Continuous Integration

To contribute to the code base of HydPy, you need a copy of its sources (a separate fork, see section Version control). The existence of multiple copies of the same code bears the danger of integration problems due to incompatible changes. An obvious problem is when two developers introduce different changes to the same code lines. However, even untuned changes in separate code sections can break functionalities. As a means to reduce such risks, different working copies should be synchronised “continuously”. Taking the code changes of colleagues into account as often as possible decreases the likelihood of simultaneous changes to the same code sections and keeps the complexity of possible conflicts to a minimum.

The online development of HydPy relies, besides GitHub, on Travis CI and AppVeyor. Both are a hosted, distributed continuous integration services. They are configured to check and eventually release new HydPy versions in different ways. Each time someone suggests changes to the hydpy repository, either via a direct commit or a pull request (see section Version control), GitHub sends a message to the servers of Travis CI and AppVeyor. They then download the new source code, examine it, and log their results to the Travis log-page and the AppVeyor log-page, respectively.

travis.yml defines the following Travis CI workflow:

  • Download and install all HydPy dependencies on the Debian based Linux operating system Ubuntu separately for each currently supported CPython version.

  • Call setup.py to copy HydPy to the site-packages folder and build some additional files (e.g. Dynamic Link Library files). For reasons of measuring code coverage, setup.py also triggers all “conventional” unit tests and doctests.

  • Prepare a test coverage report (see section Tests & documentation).

  • Generate the online documentation (for the latest stable Python version).

  • Publish the online documentation on GitHub pages in case the build process succeeded, all tests passed, and no formatting errors or wrong links corrupted the documentation. Additionally, the evaluated branch must be the master branch.

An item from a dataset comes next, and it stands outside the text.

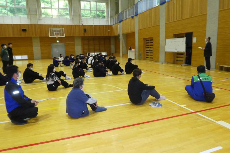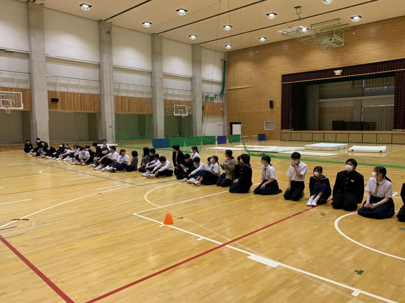 5月16日の4限目に中学生と避難所の人で避難訓練を行いました。雨天のため体育館に集合しました。その後は、消火器の使い方について説明を受けました。今回の地震を教訓として生活していってほしいです。最後は、教室へ戻って振り返りをしました。

The workflow defined by appveyour.yml is as follows:

  • As on Travis CI, download and install all HydPy dependencies for each supported CPython version, but on Windows Server instead of Linux.

  • As on Travis CI, call setup.py to install HydPy, but do not measure code coverage.

  • Create binary distributions for the respective Python versions based on the extension files generated in the last step.

  • Remove the already installed files, reinstall HydPy based on the new binary distributions, and apply all tests.

  • Make all artefacts available (currently, besides the binary distributions, the automatically generated XML schema files).

  • Upload the binary distributions to the Python Package Index for tagged commits in case all tests passed.

Together, both continuous integration services capture a wide range of possible problems, not only addressing the implemented hydrological models, but also the release and documentation cycles. If applied regularly, chances are good to trace unexpected errors to specific code changes. Additionally, Travis CI and AppVeyor help you to decide if contributions by colleagues are mature enough to be merged in your code.